Only the lines from the one with "茵曼情超薄冰感速干1+1水晶冰巢衣 内衣998#" through the final line below belong in the answer, copied exactly and without pictures.
##### Dataset extract #####
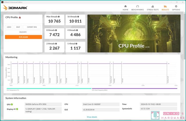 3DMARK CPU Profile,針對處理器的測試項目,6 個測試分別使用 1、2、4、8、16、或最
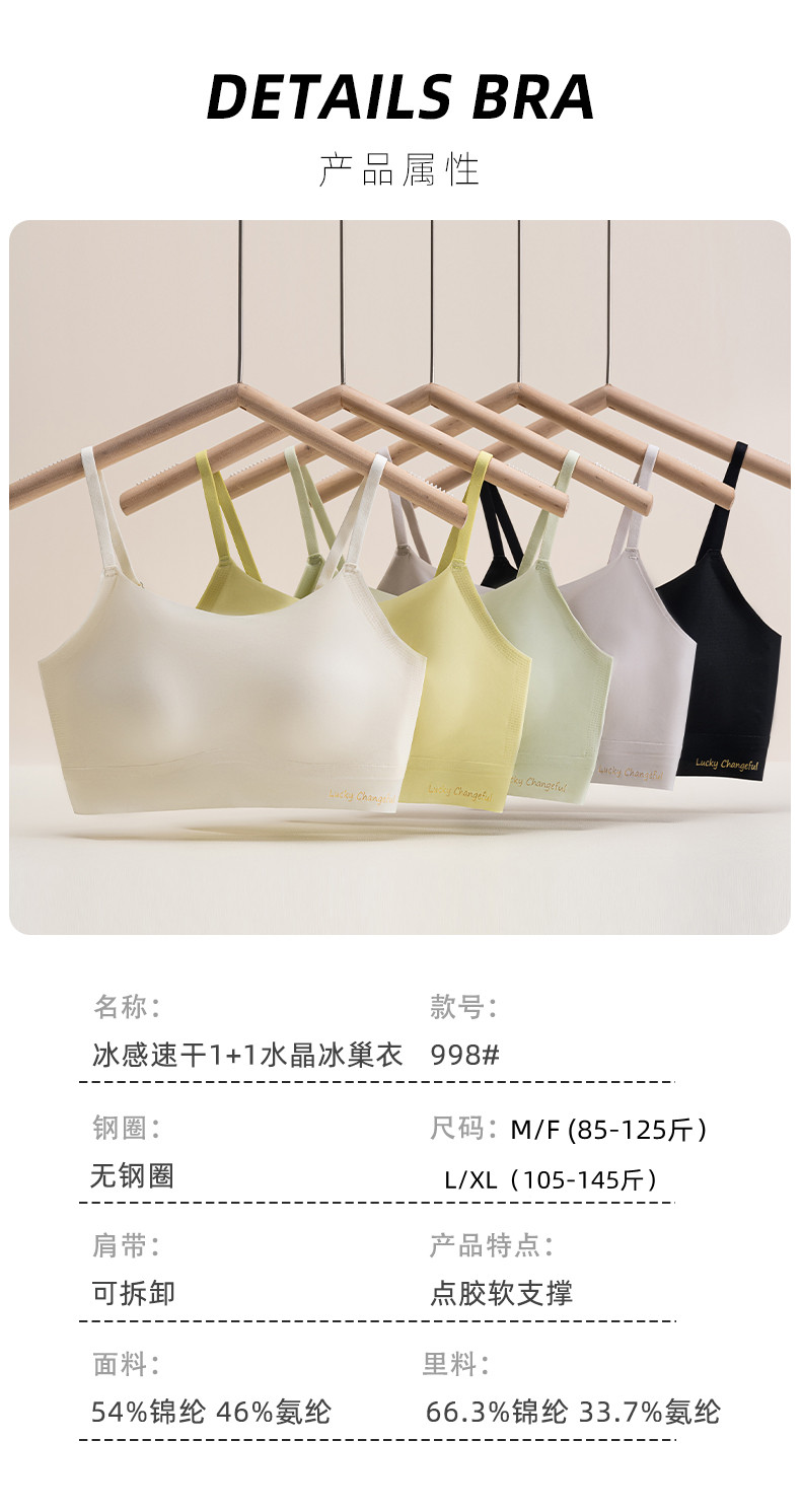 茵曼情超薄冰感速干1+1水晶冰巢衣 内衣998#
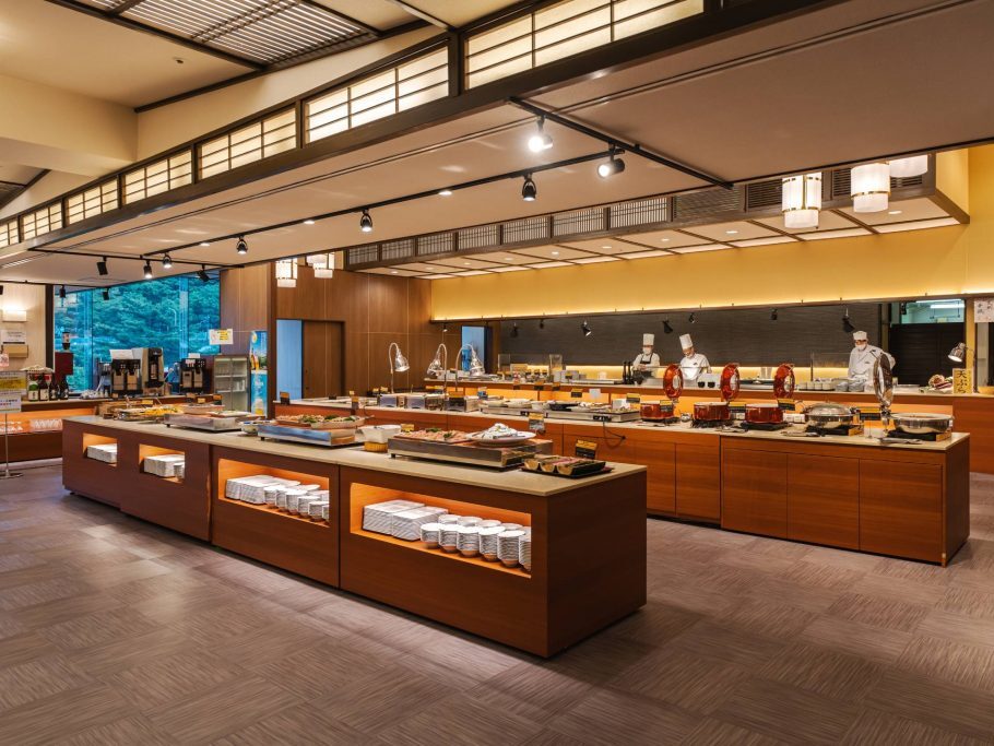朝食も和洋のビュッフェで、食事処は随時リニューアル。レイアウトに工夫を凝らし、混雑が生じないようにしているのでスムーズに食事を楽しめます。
#####
● **Exercise solution**
 茵曼情超薄冰感速干1+1水晶冰巢衣 内衣998#
朝食も和洋のビュッフェで、食事処は随時リニューアル。レイアウトに工夫を凝らし、混雑が生じないようにしているのでスムーズに食事を楽しめます。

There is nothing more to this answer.